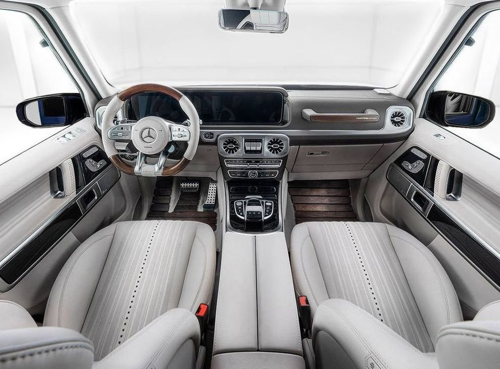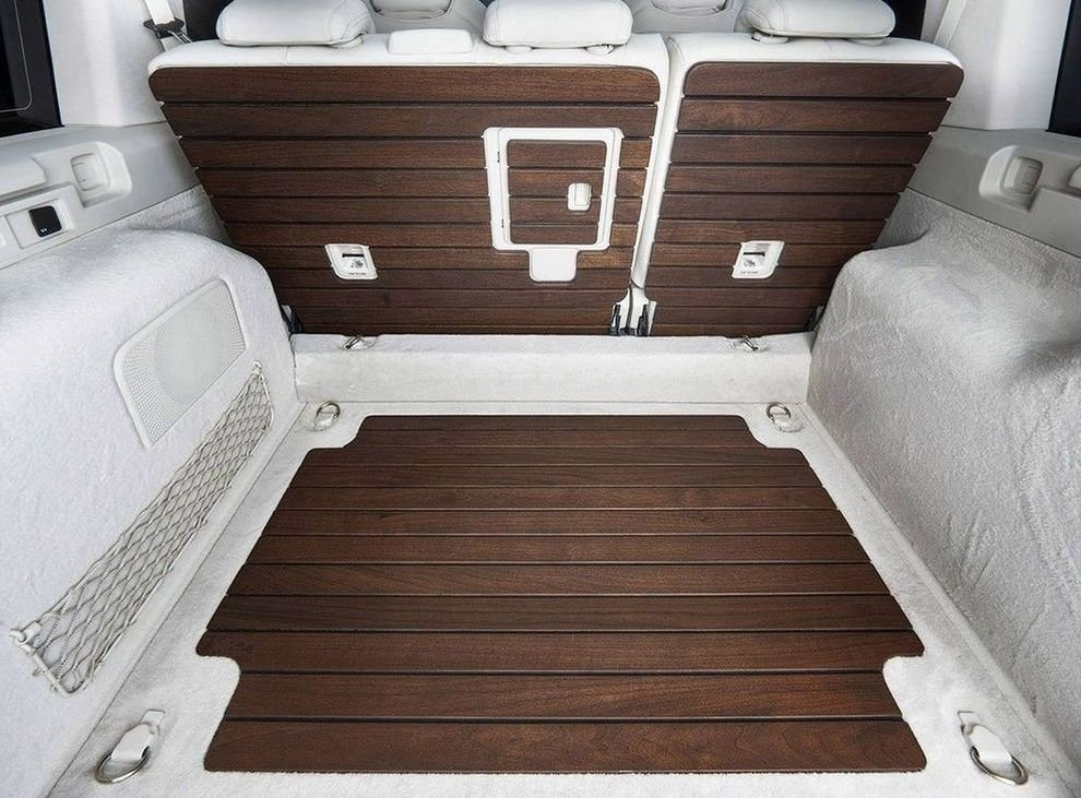 Салон внедорожника отделан дорогой светлой кожей. В частности, ее можно увидеть на креслах и дверных картах. Дверные стойки, потолок и багажное отделение обшили алькантарой. На рулевом колесе, передней панели, спинках сидений заднего ряда и в багажнике вставки из натурального дерева. Также деревянными панелями заменили напольные коврики.
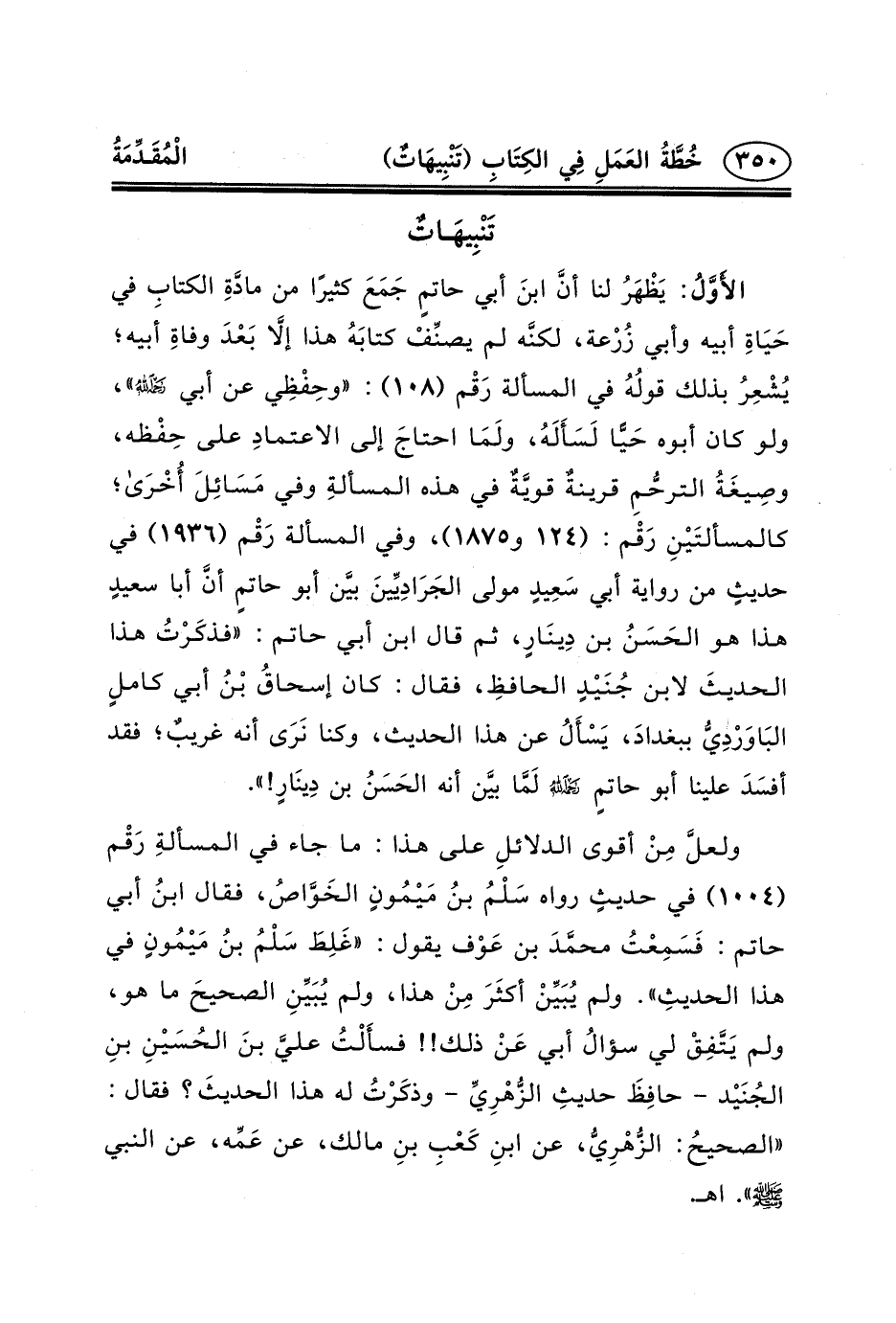 الأَوَّلُ: يَظْهَرُ لنا أنَّ ابنَ أبي حاتمٍ جَمَعَ كثيرًا من مادَّةِ الكتابِ في حَيَاةِ أبيه وأبي زُرْعة، لكنَّه لم يصنِّفْ كتابَهُ هذا إلَاّ بَعْدَ وفاةِ أبيه؛ يُشْعِرُ بذلك قولُهُ في المسألة رَقْم (١٠٨) : «وحِفْظِي عن أبي _ح» ، ولو كان أبوه حَيًّا لَسَأَلَهُ، ولَمَا احتاجَ إلى الاعتمادِ على حِفْظه، وصِيغَةُ الترحُّمِ قرينةٌ قويَّةٌ في هذه المسألةِ وفي مَسَائِلَ أُخْرَى؛ كالمسألتَيْنِ رَقْم: (١٢٤ و١٨٧٥) ، وفي المسألة رَقْم (١٩٣٦) في حديثٍ من رواية أبي سَعِيدٍ مولى الجَرَادِيِّينَ بيَّن أبو حاتمٍ أنَّ أبا سعيدٍ هَذَا هو الحَسَنُ بْن دِينَارٍ، ثم قال ابن أبي حاتم: «فذكَرْتُ هَذَا الحديثَ لابْنِ جُنَيْدٍ الحافظِ، فَقَالَ: كَانَ إسحاقُ بْنُ أَبِي كاملٍ البَاوَرْدِيُّ ببغدادَ، يَسْأَلُ عَنْ هَذَا الْحَدِيث، وكنا نَرَى أَنَّهُ غريبٌ؛ فقد أفسَدَ علينا أَبُو حاتمٍ _ح لَمَّا بيَّن أنه الحَسَنُ ابن دِينَارٍ!» .
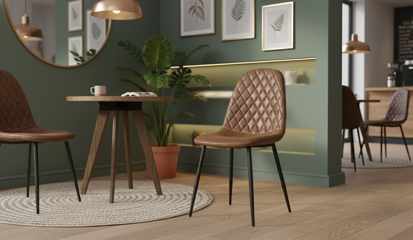 Patas metálica de una sola pieza soldada con tapizado piel sintética imitación cuero: Lo mejor de la parte sintética que es la durabilidad, resistencia y facilidad de limpieza, combinada con lo mejor de la estética del cuero.
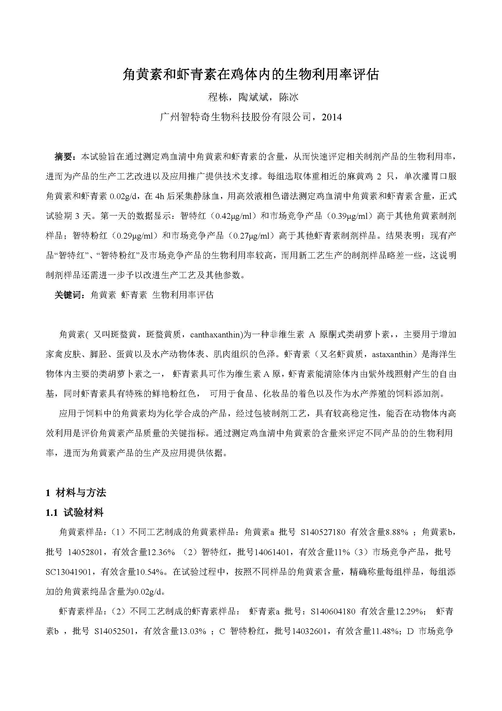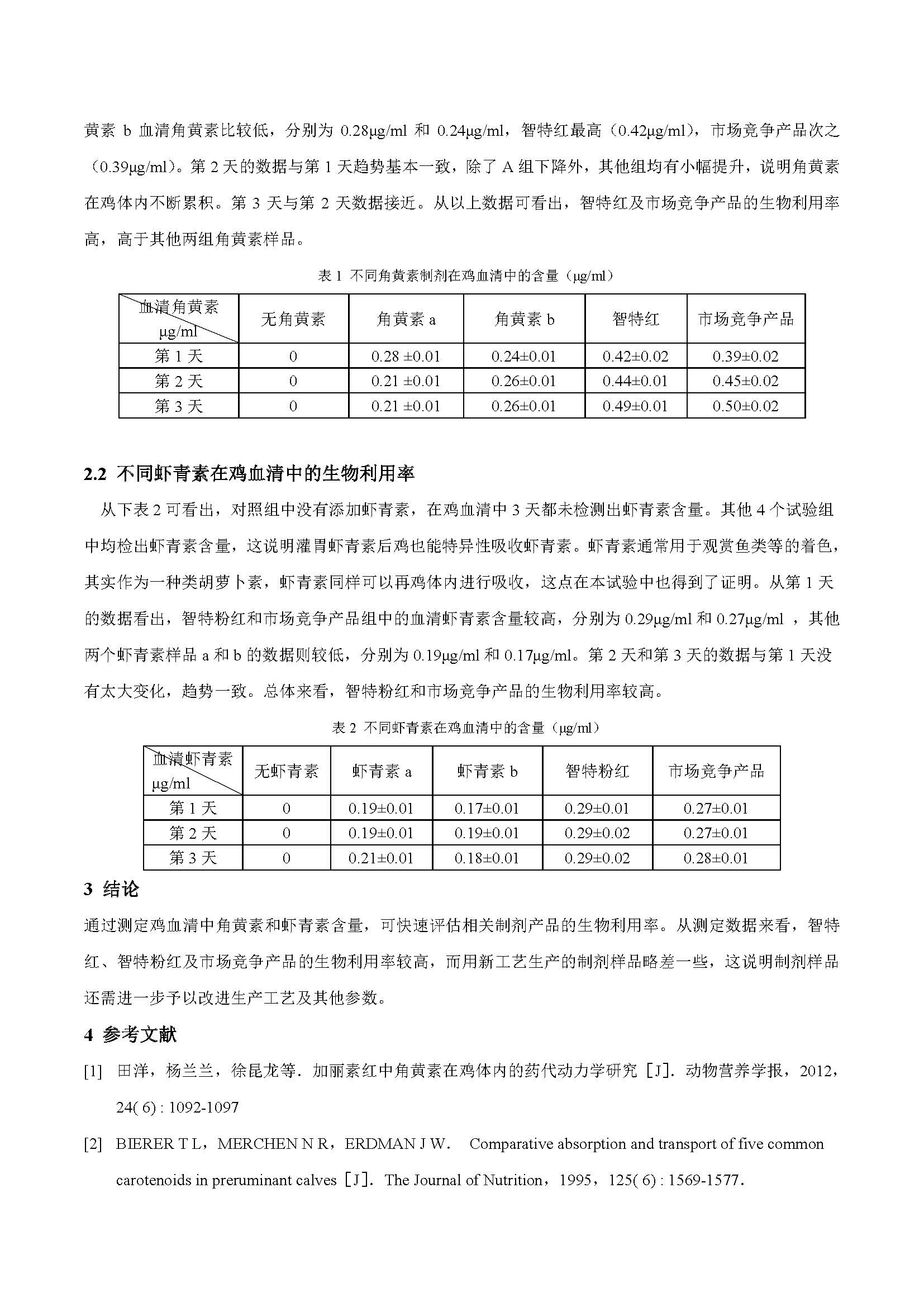 智特红在全价颗粒料中储存不同时间对脱温鸡着色效果的影响
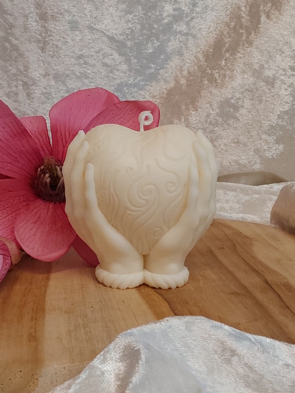 Hände die ein Herz halten aus Rapswachs, ohne Duft
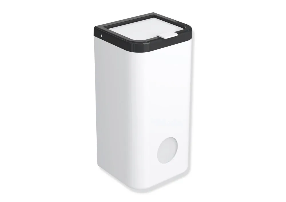 Korpus und Deckel aus hochglänzendem Polyamid in der HEWI Farbe 98 (Signalweiß), Rahmenelement aus hochglänzendem Polyamid, Fassungsvermögen ca. 6 l, Breite 161 mm, Höhe 310 mm, Tiefe 141 mm, Wandmontage.
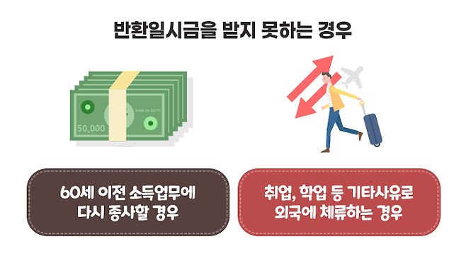 하지만 국민연금 자격을 상실한 자라고 하더라도 60세 도달 전에 소득이 있는 업무에 종사하게 되면 다시 가입자가 되므로 반환일시금을 즉시 지급받을 수 없습니다. 또한 국외이주의 목적이 아닌 취업, 학업 등 기타사유로 외국에 체류하는 경우에도 기간과 상관없이 반환일시금을 지급받을 수 없습니다.
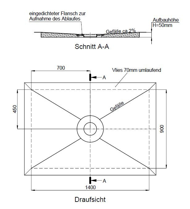 Hartschaum-PLAN-Element mit integriertem Gefälle von ca. 2 %, zur Punktentwässerung für KESSEL-Abläufe reversibel, Ablauf wählbar, werkseits abgedichtet nach DIN 18534-1, Wassereinwirkungsklasse W2-I, bodenbündig, verfliesbar, barrierefrei, Fliesengröße bei Rollstuhlnutzung >= 5 x 5 cm, umlaufend kürzbar, eingedichtete Flanschscheibe zur schraubbaren Montage des Ablaufgehäuses, geringe Aufbauhöhe, abhängig vom eingesetzten Ablauf, verschiedene Ablaufpositionen, hohe Ablaufleistung
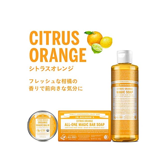 商品名:ドクターブロナー マジックソープ CI(シトラスオレンジ) 237ml フレッシュな柑橘の香り 植物オイル マルチオーガニックソープ
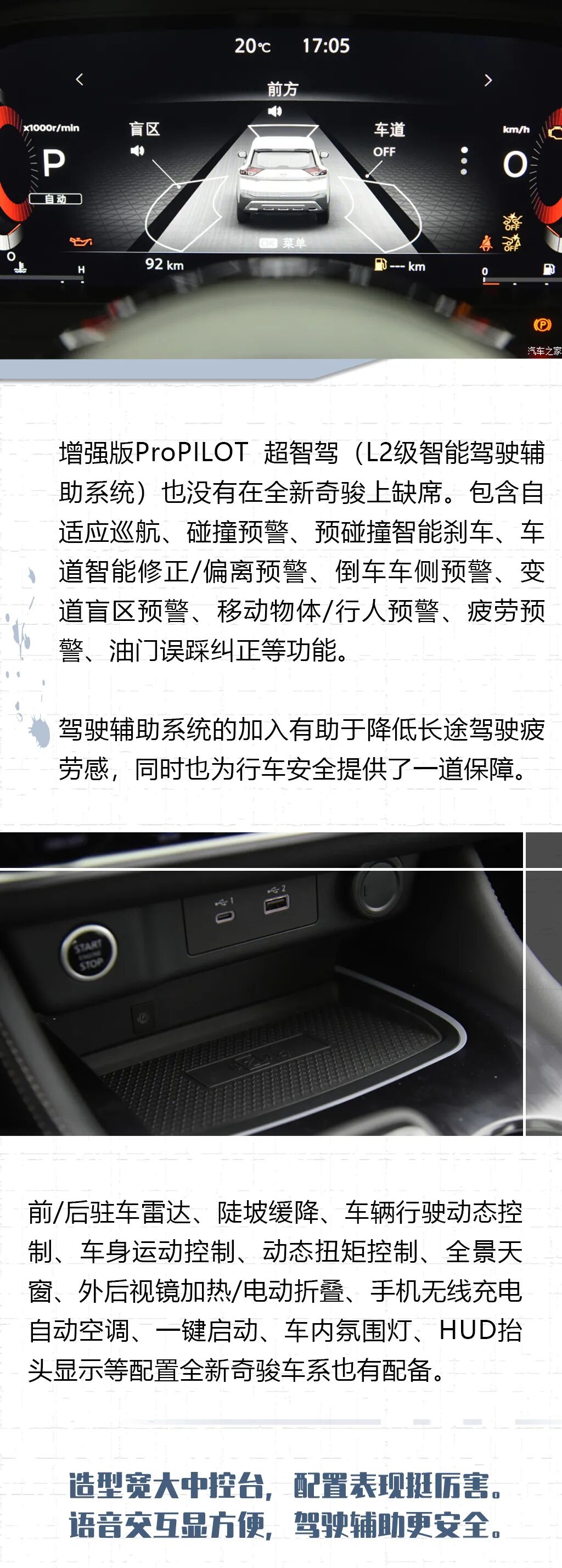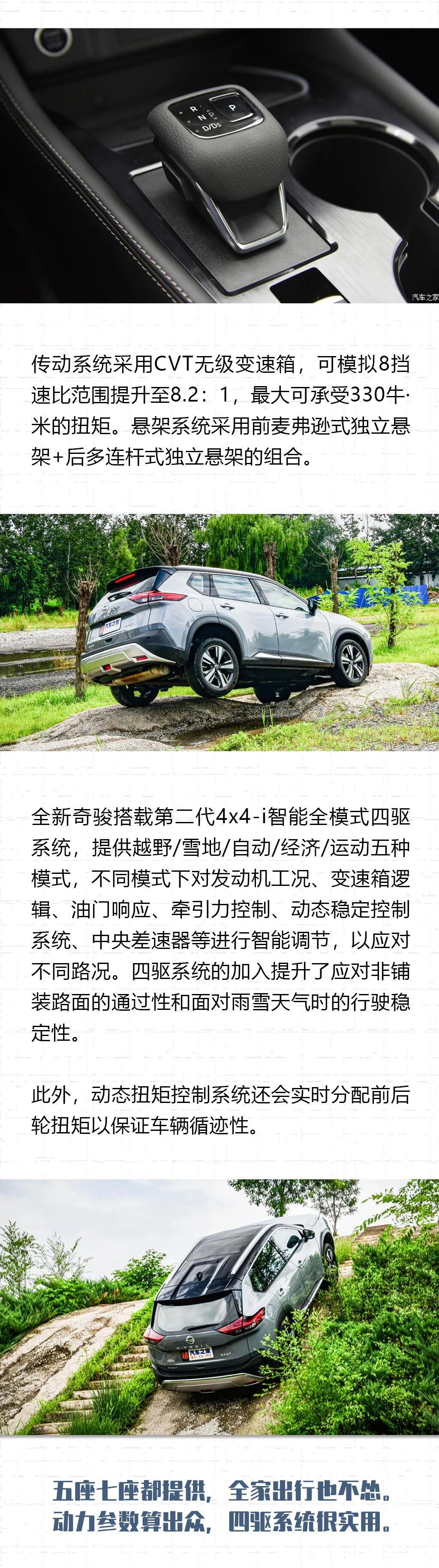 采用V-Motion 3.0设计语言的新一代奇骏拥有更出色的辨识度,同时内饰质感也得到了提升。配置方面全新奇骏也达到了同级主流水准,配备有Nissan Connect超智联2.0、增强版ProPILOT 超智驾等实用安全配置。提供5座/7座、两驱/四驱车型可选丰富了消费者的选择。如果各位春节假期有自驾出行计划,这款全新奇骏可以纳入考虑范围。

================================

# Assignment:
Your answer must reproduce exactly the lines from the line with "Korpus und Deckel" through the end of the material, both ends included, with every picture dropped.

# Reply:
 Korpus und Deckel aus hochglänzendem Polyamid in der HEWI Farbe 98 (Signalweiß), Rahmenelement aus hochglänzendem Polyamid, Fassungsvermögen ca. 6 l, Breite 161 mm, Höhe 310 mm, Tiefe 141 mm, Wandmontage.
 하지만 국민연금 자격을 상실한 자라고 하더라도 60세 도달 전에 소득이 있는 업무에 종사하게 되면 다시 가입자가 되므로 반환일시금을 즉시 지급받을 수 없습니다. 또한 국외이주의 목적이 아닌 취업, 학업 등 기타사유로 외국에 체류하는 경우에도 기간과 상관없이 반환일시금을 지급받을 수 없습니다.
 Hartschaum-PLAN-Element mit integriertem Gefälle von ca. 2 %, zur Punktentwässerung für KESSEL-Abläufe reversibel, Ablauf wählbar, werkseits abgedichtet nach DIN 18534-1, Wassereinwirkungsklasse W2-I, bodenbündig, verfliesbar, barrierefrei, Fliesengröße bei Rollstuhlnutzung >= 5 x 5 cm, umlaufend kürzbar, eingedichtete Flanschscheibe zur schraubbaren Montage des Ablaufgehäuses, geringe Aufbauhöhe, abhängig vom eingesetzten Ablauf, verschiedene Ablaufpositionen, hohe Ablaufleistung
 商品名:ドクターブロナー マジックソープ CI(シトラスオレンジ) 237ml フレッシュな柑橘の香り 植物オイル マルチオーガニックソープ
 采用V-Motion 3.0设计语言的新一代奇骏拥有更出色的辨识度,同时内饰质感也得到了提升。配置方面全新奇骏也达到了同级主流水准,配备有Nissan Connect超智联2.0、增强版ProPILOT 超智驾等实用安全配置。提供5座/7座、两驱/四驱车型可选丰富了消费者的选择。如果各位春节假期有自驾出行计划,这款全新奇骏可以纳入考虑范围。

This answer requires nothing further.